Dexmedetomidine attenuates sympathoadrenal response to tracheal intubation and reduces perioperative anaesthetic requirement

Affiliations

Dexmedetomidine attenuates sympathoadrenal response to tracheal intubation and reduces perioperative anaesthetic requirement

Varshali M Keniya et al. Indian J Anaesth. 2011 Jul.

Abstract

Background: Dexmedetomidine, an α-2 adrenoreceptor agonist, is gaining popularity for its sympatholytic, sedative, anaesthetic sparing and haemodynamic stabilising properties without significant respiratory depression.

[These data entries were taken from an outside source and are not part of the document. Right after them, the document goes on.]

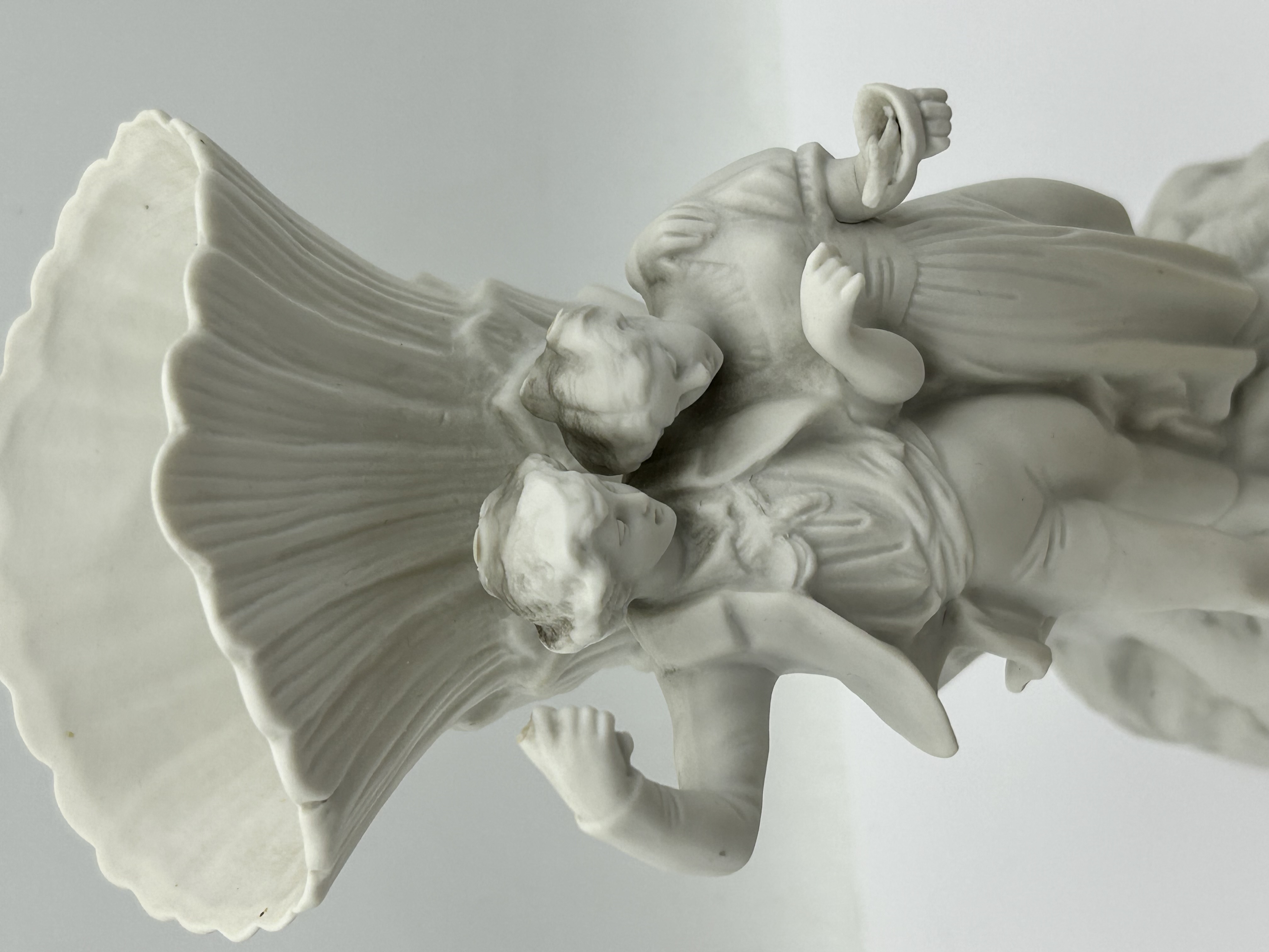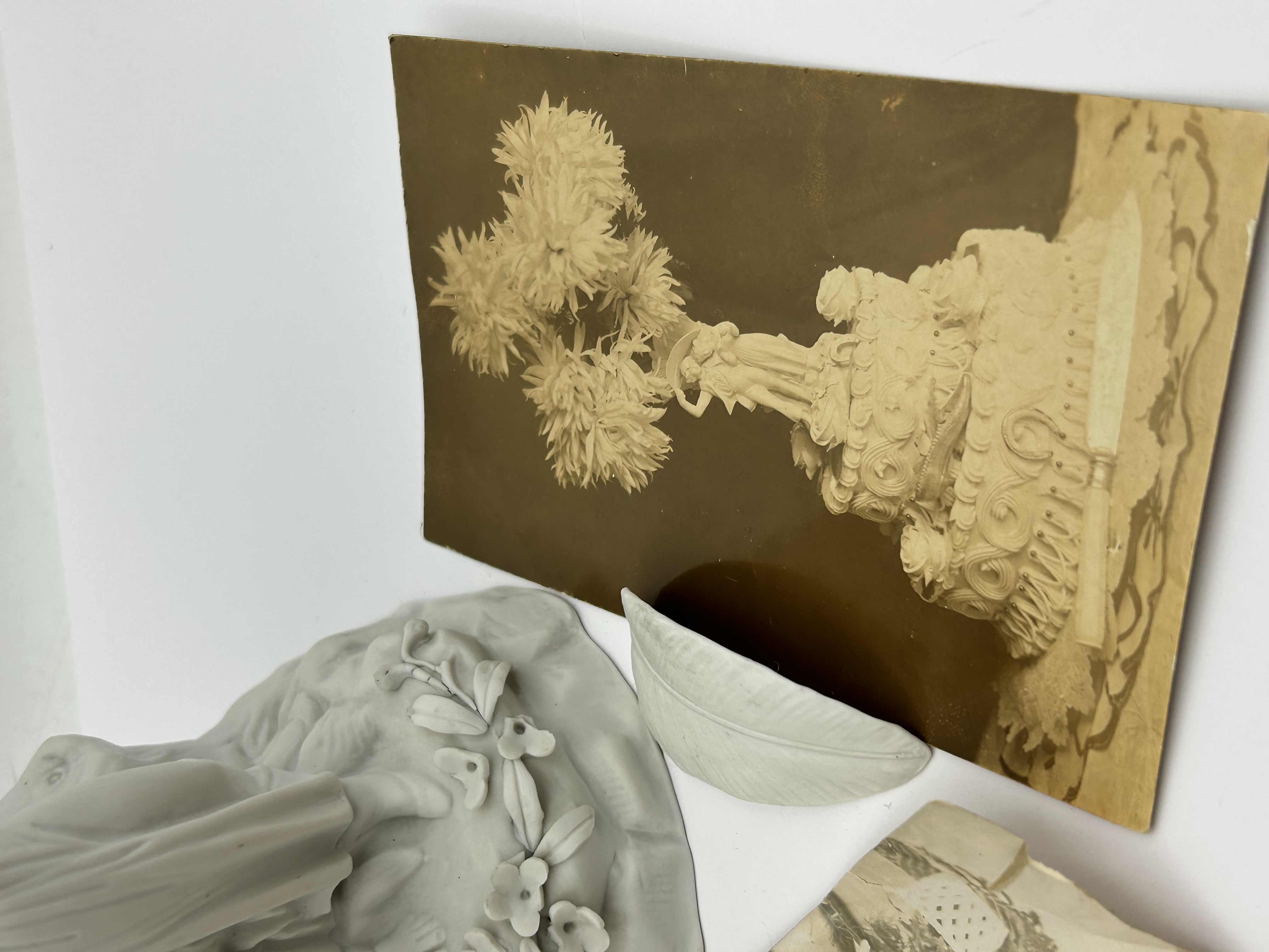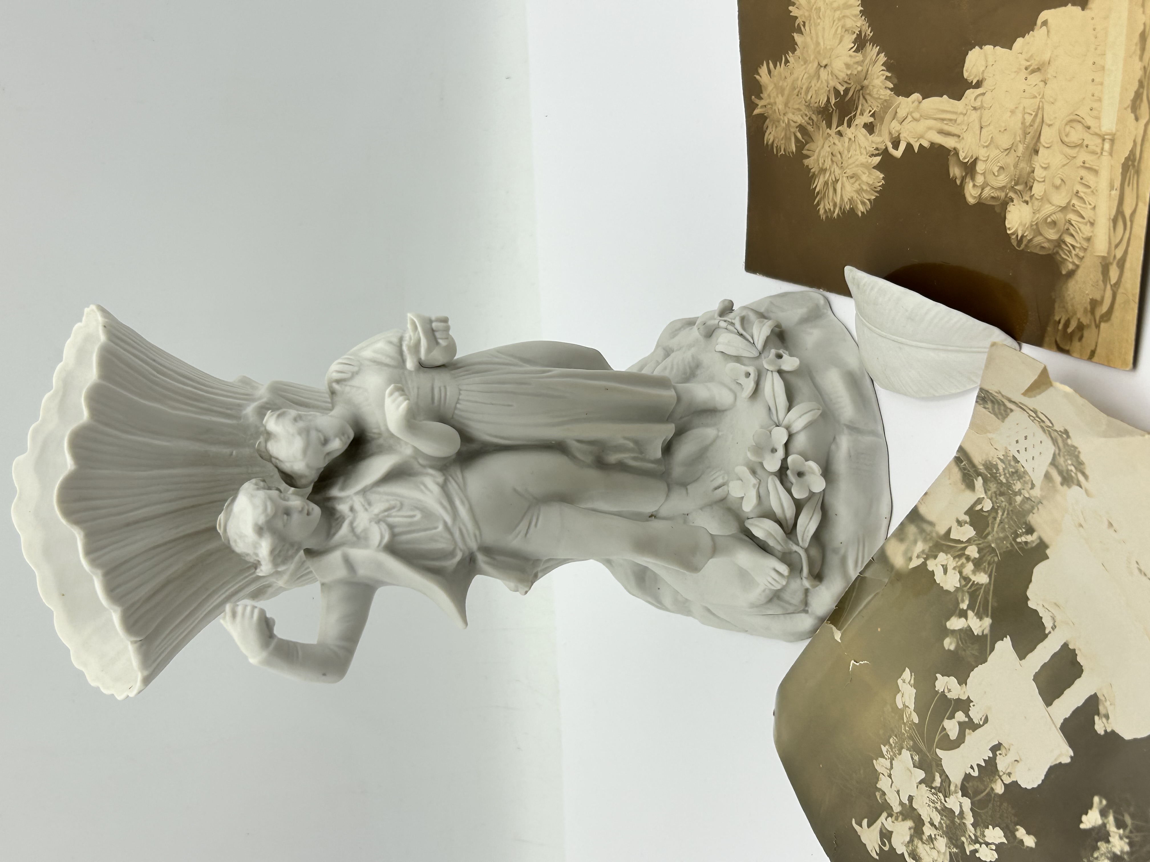 This lot consists of a matte white bisque porcelain figural vase and several sepia-toned photographs. The figurine depicts a male and female couple in rustic attire standing before a large, vertically-ribbed vessel resembling a sheaf of wheat. The figures are positioned on a rocky base decorated with small flowers. The accompanying historical photographs include one image depicting the figurine utilized as a topper for an elaborate, multi-tiered cake. The porcelain is constructed in the Parian style with a matte finish.
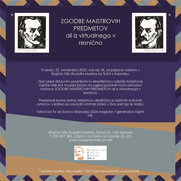 Na predvečer praznika, 22. novembra 2023, ob 18. uri odpiramo v njegovi rojstni hiši na Šutni v Kamniku, novo razstavo Zgodbe Maistrovih predmetov, iz virtualne na resnično in obenem praznujemo 10-letnico delovanja Rojstne hiše Rudolfa Maistra v Kamniku, ki je bila odprta 23. novembra 2013. Na ogled bomo postavili Maistrovo dediščino, ki nastopa na spletu v virtualni Maistrovi poti, projektu, ki ga je leta 2021 ustvarilo skupaj 15 kulturnih ustanov in družina Maister. Obiskovalci si bodo na razstavi lahko ogledali dragocene predmete in gradivo, kot so Maistrove knjige iz njegove znamenite knjižnice, njegova pisma, dokumenti, rokopisi … ter prisluhnili njihovim zgodbam. Avtorica razstave je Alenka Juvan, v sodelovanju s slovenskimi muzeji, arhivi in UKM.
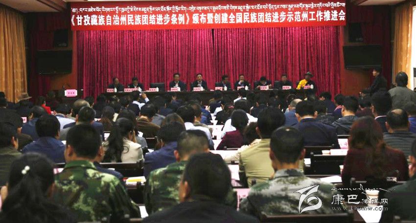 本網(wǎng)訊(記者 楊杰 文/圖)9月2日下午,我州召開《甘孜藏族自治州民族團(tuán)結(jié)進(jìn)步條例》頒布暨創(chuàng)建全國民族團(tuán)結(jié)進(jìn)步示范州工作推進(jìn)會,主要任務(wù)是貫徹落實8月1日頒布實施的《甘孜藏族自治州民族團(tuán)結(jié)進(jìn)步條例》,表彰命名全州第三批民族團(tuán)結(jié)進(jìn)步示范單位,總結(jié)交流示范州創(chuàng)建工作經(jīng)驗,安排部署今后一個時期的民族團(tuán)結(jié)進(jìn)步示范州創(chuàng)建工作。
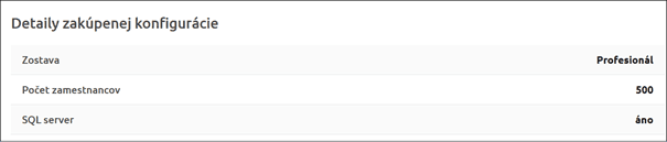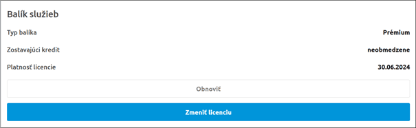 Prostredníctvom voľby „Zmeniť licenciu“ si môžete vybrať zostavu a služby, ktoré Vám vyhovujú (pri Balíku služieb EXTRA si môžete sami nakonfigurovať zostavu a služby).
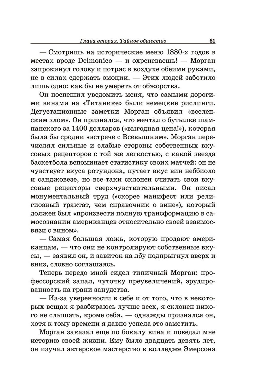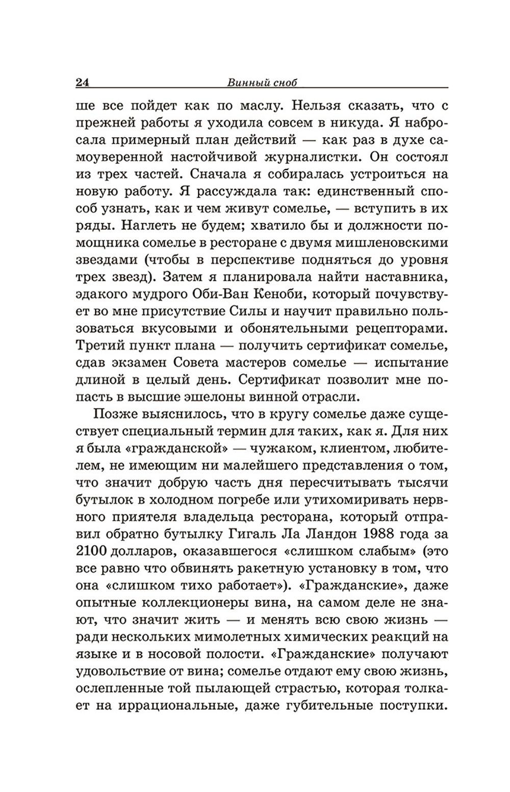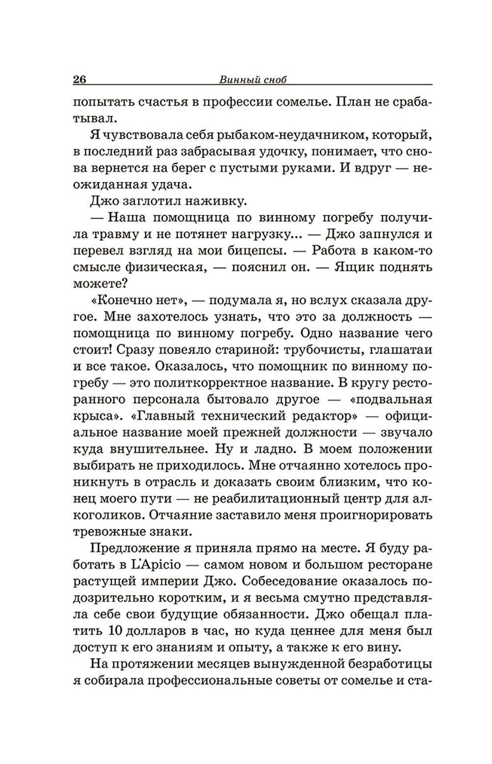 Целый год Бьянка Боскер изучала все, что связанно с миром виноделия и культурой дегустации этого напитка. Общалась с учеными, виноделами, коллекционерами редких бутылок вина, лучшими из лучших сомелье. И всеми накопленными знаниями щедро поделилась в книге «Винный сноб». Разве сомелье - это не те же официанты, только с иностранным названием, втюхивающие посетителям ресторанов дорогие бутылки? Автор книги «Винный сноб» тоже так думала, пока не погрузилась в изучение мира вина и не познакомилась с лучшими представителями профессии, для которых подавать вино - это не столько работа, сколько образ жизни во имя вкуса и удовольствия. Это не руководство по покупке вина и не ода традициям употребления. Это не столько путешествие от виноградной лозы до бокала, сколько путь от бокала по пищеводу - в дикий мир одержимости вином и любви к нему во всех его формах и со всеми изъянами. Это исследование прочной связи с напитком с 7000-летней историей, занимавшим почетное место на столе египетских фараонов, бедных крестьян, русских царей, магнатов с Уолл-стрит, добропорядочных родителей из мирных пригородов и китайских студентов. Готовьтесь отправиться за кулисы обеденных залов мишленовских ресторанов, на разгульные вакханалии, а также внутрь томографических сканеров и научных лабораторий. В этой книге речь идет не только о вине. Она скорее о том, как научиться слушать свои чувства, глубже ощущать и ценить окружающий мир. О профессии сомелье. Любой разумный человек, который покупает в магазине бутылку вина или заказывает ее в ресторане, хочет узнать, зачем ему тратить 150 долларов за алкогольный напиток, если за 15 долларов можно получить такое количество ферментированного сока. И каждый уважающий себя сомелье должен уметь ему это грамотно объяснить. Однако только на первый взгляд профессия сомелье выглядит сплошным удовольствием. Для того чтобы достичь существенных высот в этой сфере, необходимо пройти немыслимые испытания. Один экзамен на мастера сомелье чего стоит! Подробнее обо всех этапах на пути к профессии вы можете прочитать в книге. Скажем только, что проще, дешевле и быстрее отучиться на юридическом факультете, чем получить место сомелье в одном из лучших ресторанов. Любопытный факт! Самая дорогая бутылка вина в истории была продана в 2010 году за 304 375 долларов. Можно было купить дом, два полных курса учебы в колледже и пять внедорожников Porshe за те деньги, которые были потрачены на бутылку «Шато Шеваль Блан» 1947 года, которая, несмотря на звание «чистого совершенства», в конечном итоге будет уничтожена и превратится в чрезвычайно дорогую мочу.| Издательство | Попурри |
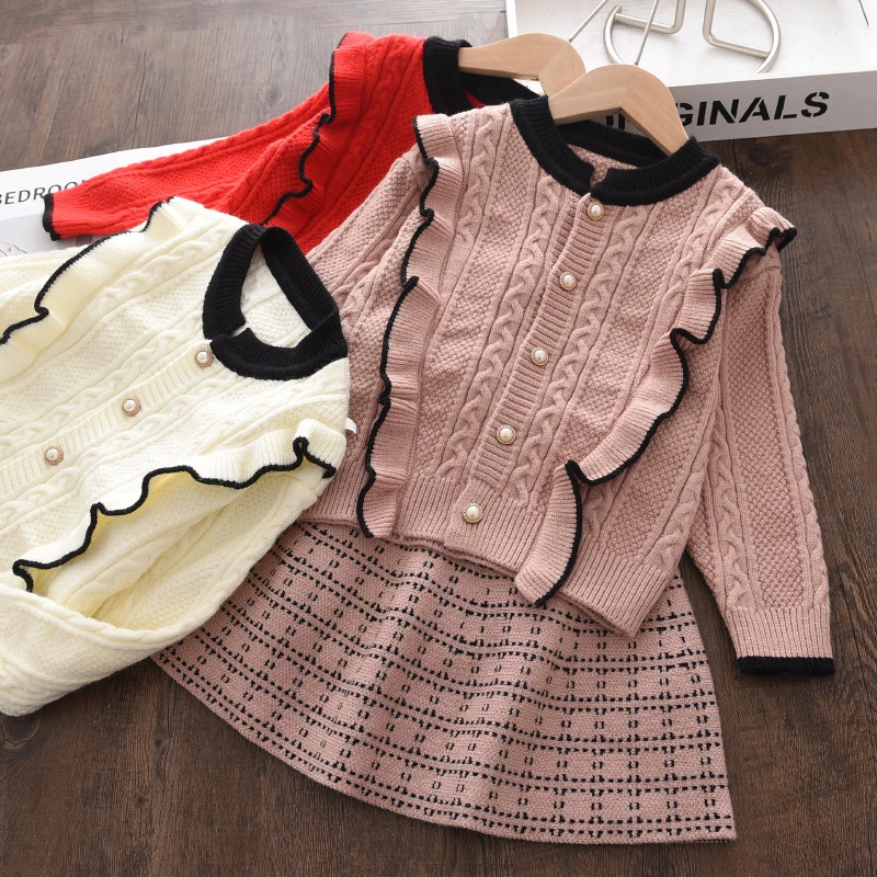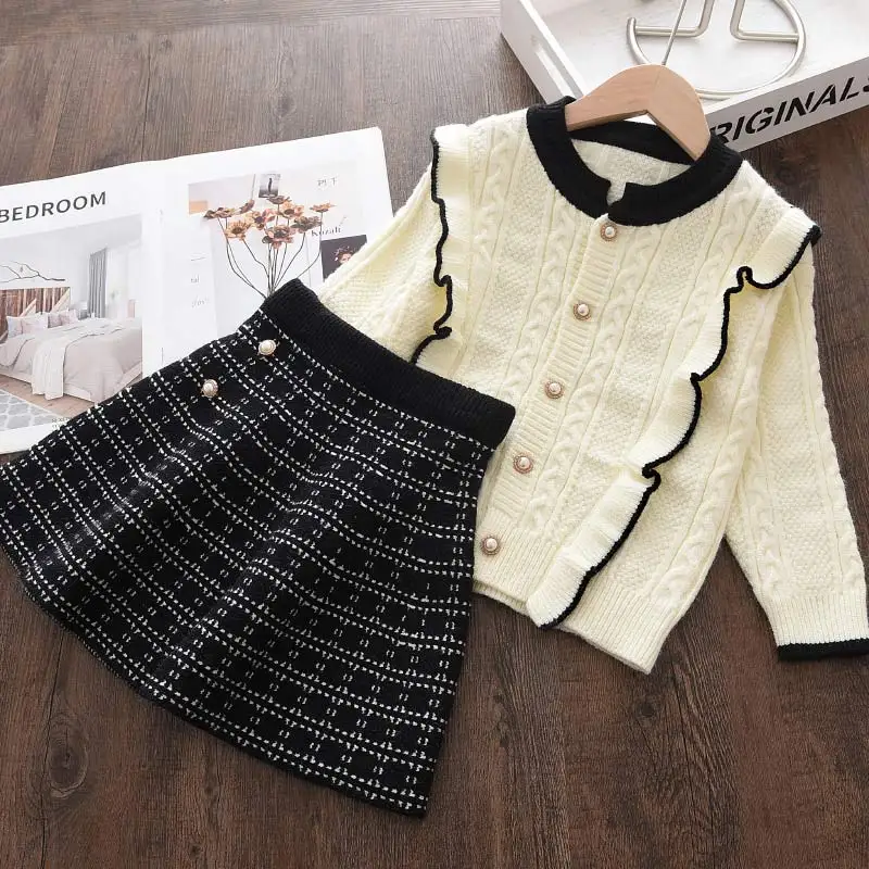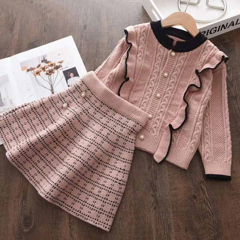 Новое поступление 2021, одежда для маленьких девочек, Осенние вязаные свитера, одежда, костюмы, повседневная юбка, наряды принцессы

Methods: We assessed the efficacy of dexmedetomidine in attenuating sympathoadrenal response to tracheal intubation and analysed reduction in intraoperative anaesthetic requirement. Sixty patients scheduled for elective surgery of more than 3 hours were randomly selected. Control group received isoflurane-opioid and study group received isoflurane-opioid-dexmedetomidine anaesthesia. Dexmedetomidine infusion in a dose of 1 μg/kg was given over 10 min before the induction of anaesthesia and was continued in a dose of 0.2-0.7 μg/kg/Hr until skin closure. All patients were induced with thiopentone, fentanyl and vecuronium. Haemodynamic variables were continuously recorded.

Results: The need for thiopentone and isoflurane was decreased by 30% and 32%, respectively, in the dexmedetomidine group as compared to the control group. After tracheal intubation, maximal average increase was 8% in systolic and 11% in diastolic blood pressure in dexmedetomidine group, as compared to 40% and 25%, respectively, in the control group. Similarly, average increase in heart rate was 7% and 21% in the dexmedetomidine and control groups, respectively. Fentanyl requirement during the operation was 100±10 μg in the control group and 60±10 μg in the dexmedetomidine group.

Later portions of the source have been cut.